SELECT a.event_date,a.account_id,a.env,a.cloud_tags,sum(qcu) as qcu,
sum(estimated_vm_cost) as `cost($)`
from(select event_date, account_id, cluster_id, env,concat_ws(':',key,value) as cloud_tags
from(select event_date, account_id, cluster_id, env,explode(cloud_tags)
from <schema_name>.clusters_metadata_daily
where event_date >='2019-12-15'
and event_date <='2019-12-20'
and env = 'us') t ) a
join (select *
from <schema_name>.cluster_node_usage_daily
where event_date >='2019-12-15'
and event_date <='2019-12-20'
and env = 'us' ) b on a.event_date = b.event_date and a.env = b.env and
a.cluster_id = b.cluster_id
group by a.event_date,a.account_id,a.env,a.cloud_tags;

command_usage

For more information, see the Data Dictionary.

This table stores the command level usage metrics and provides cost information for users and jobs. For each command, Qubole attributes vcore-seconds, QCU, and estimated cost ($) in the command run.
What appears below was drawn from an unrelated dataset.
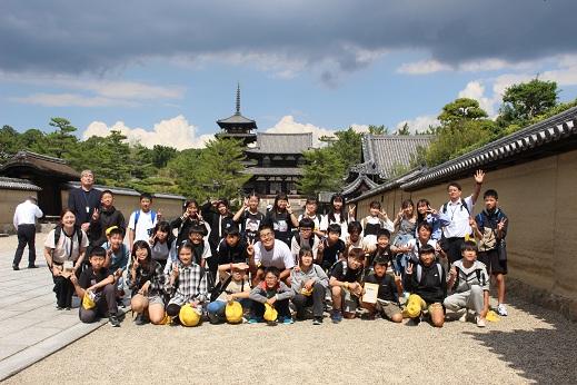 10月1日~2日、6年生が修学旅行で奈良・京都に行きました。2日間とも晴天で、汗ばむほどの暑さでした。奈良では大仏の大きさに見とれたり、鹿せんべいを持った瞬間にシカに取り囲まれ驚いたりと楽しんでいました。夜には京都タワーに上り、京都の夜景を堪能しました。2日目には清水寺参拝後にお土産を買いました。子どもたちは、八つ橋やキーホルダーなど修学旅行ならではのお土産を、嬉しそうに買っていました。金閣寺や二条城など歴史の勉強で習ったものを実際に見ることができ、とても有意義で思い出に残る時間となりました。

In general, there is only one record per command.

For workflow command types or commands with multiple statements, there can be multiple sub-commands triggered internally. In such cases, there are multiple records in the table for the same command_id but the engine_identifier is different for each sub-command. The number of records for that command_id are the same as the number of associated sub-commands. Usage metrics and status in these cases correspond to each sub-command. To find command level usage, metrics must be aggregated across all the records of that command_id.

Parameter Detail
command_id Qubole generated command identifier. This is null i) for commands that are directly submitted to clusters or ii) if Qubole is unable to attribute usage of a cluster to a particular command.
engine_identifier
  • If the engine type is Tez/MR/Spark, it is the Yarn application_id (identifier generated by the Yarn application).
  • If the engine type is Presto or the query is of type DDL, it is the engine_id (identifier generated by the engine).
  • It is Null if Qubole is unable to attribute the usage of a cluster to any command.
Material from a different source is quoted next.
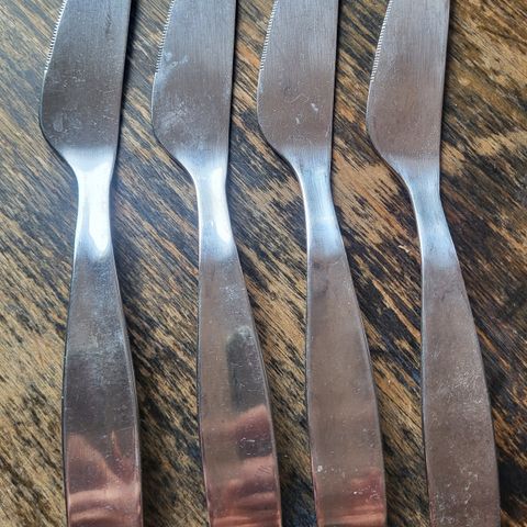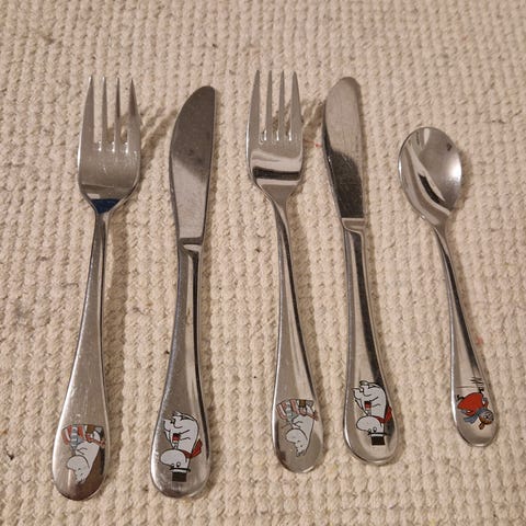 Alfredo Häberlin Iittalalle suunnittelemat lasten aterimet: haarukka, veitsi ja lusikka. Vain vähän käytetyt

When Qubole can attribute usage of a cluster instance to a command, records are available for that day with both the command_id and the engine_identifier having null values. The user_identifier in such cases is idle.
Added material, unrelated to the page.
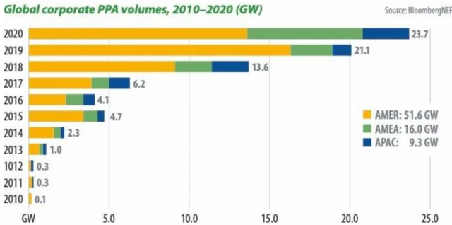 根據BNEF的數據,2020年公司性PPA(主要是太陽能和風能)的容量飆升至創紀錄的23.7GW。而這種上升趨勢將一直延續。

The possible reasons for not being able to attribute usage to a particular command are:

  • An unsupported cluster version as the cluster has not been restarted for a while
  • Unsupported custom packages on the cluster
  • Data collection has been disabled (for Qubole)

Note

For commands running across days, the command record is created on the day the command ended.

As this table contains all the required metrics of a given command, you can use it as a substitute for the All Commands report.